Typing “The End” of a First Draft

Late Thursday afternoon, I typed “The End” on my first draft of my work-in-progress, tentatively called Missing Mom.

To tell you a little about what has preoccupied me all these months, the novel centers around Noelle, a rising high school senior and aspiring ballet dancer whose mom suddenly vanishes. While the circumstantial evidence points to suicide, Noelle refuses to believe her mother would have killed herself and launches her own investigation. Threaded throughout the novel is also the story of Savannah, a young woman caught in an abusive relationship nearly two decades ago, whose fate turns out to be inextricably intertwined with Noelle’s investigation.

I always experience such a myriad of emotions whenever I finish a first draft of a novel. Of course, there’s joy and excitement that I finished my first go at the manuscript! And there’s also awareness that a first draft is… well, a first draft. It will take lots more work and the critical eyes of critique group members and beta readers before it’s ready for submission.

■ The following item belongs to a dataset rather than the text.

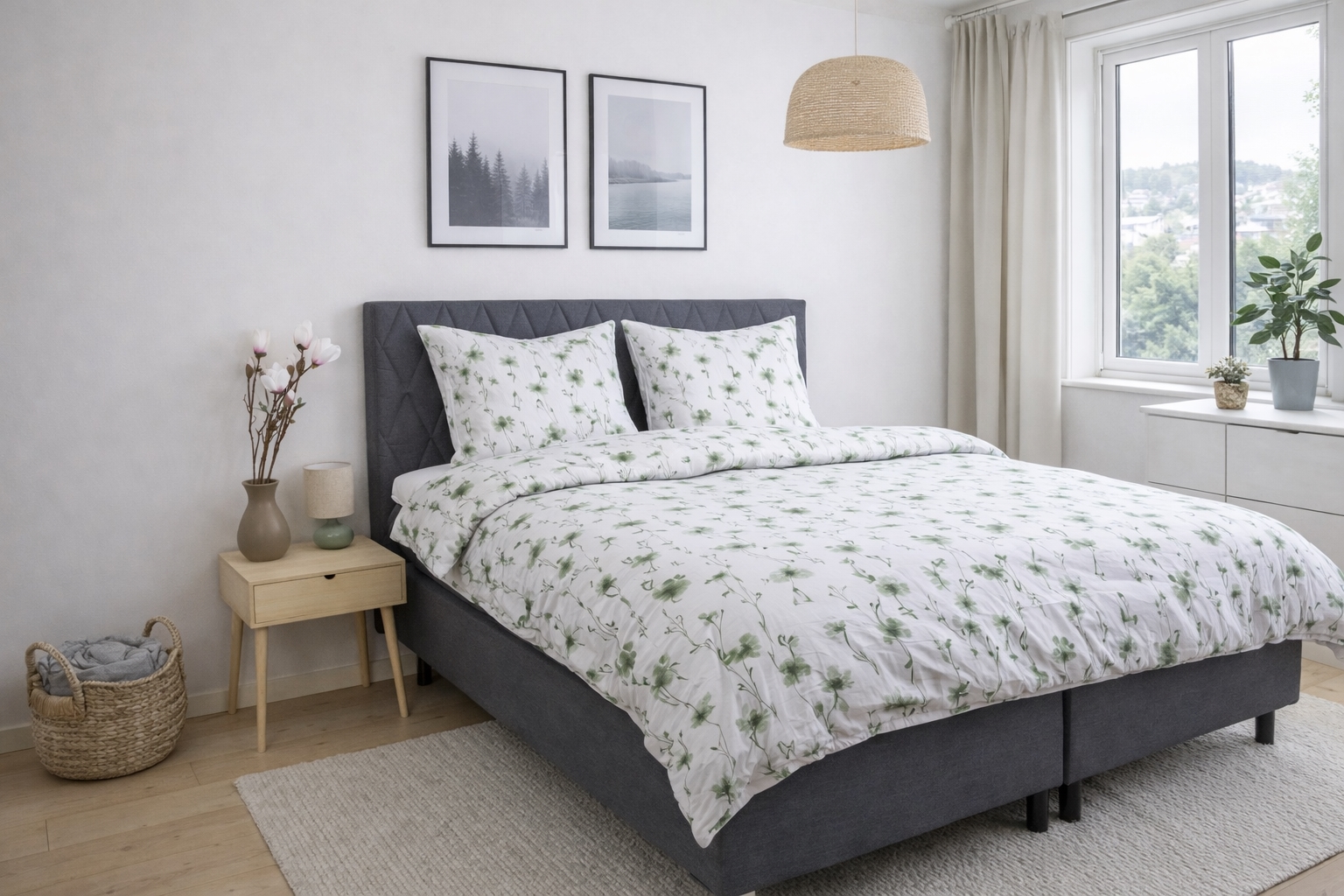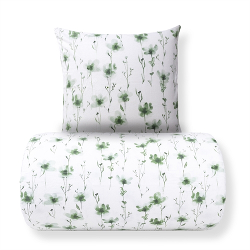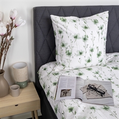Det blomstrede designet kombinerer flotte grønne blomster med en lys bakgrunn, noe som skaper et rolig og harmonisk uttrykk på soverommet. Et blomstrete sengetøy som både føles lunt og ser elegant ut.

But lurking in the recesses of my heart is also a kind of anticipatory grief. These characters have become so real to me that I actually talked to my husband about what they’d be doing after the novel was over as though they were people we knew who lived down the street.

I will miss them! Eventually, new characters will replace them in my imaginary world, and I will fall in love all over again.

But meantime, there’s a piece of me that feels a bit sad as I prepare to say goodbye to the characters in Missing Mom.

Funny how we can have so many mixed feelings when we type “The End.”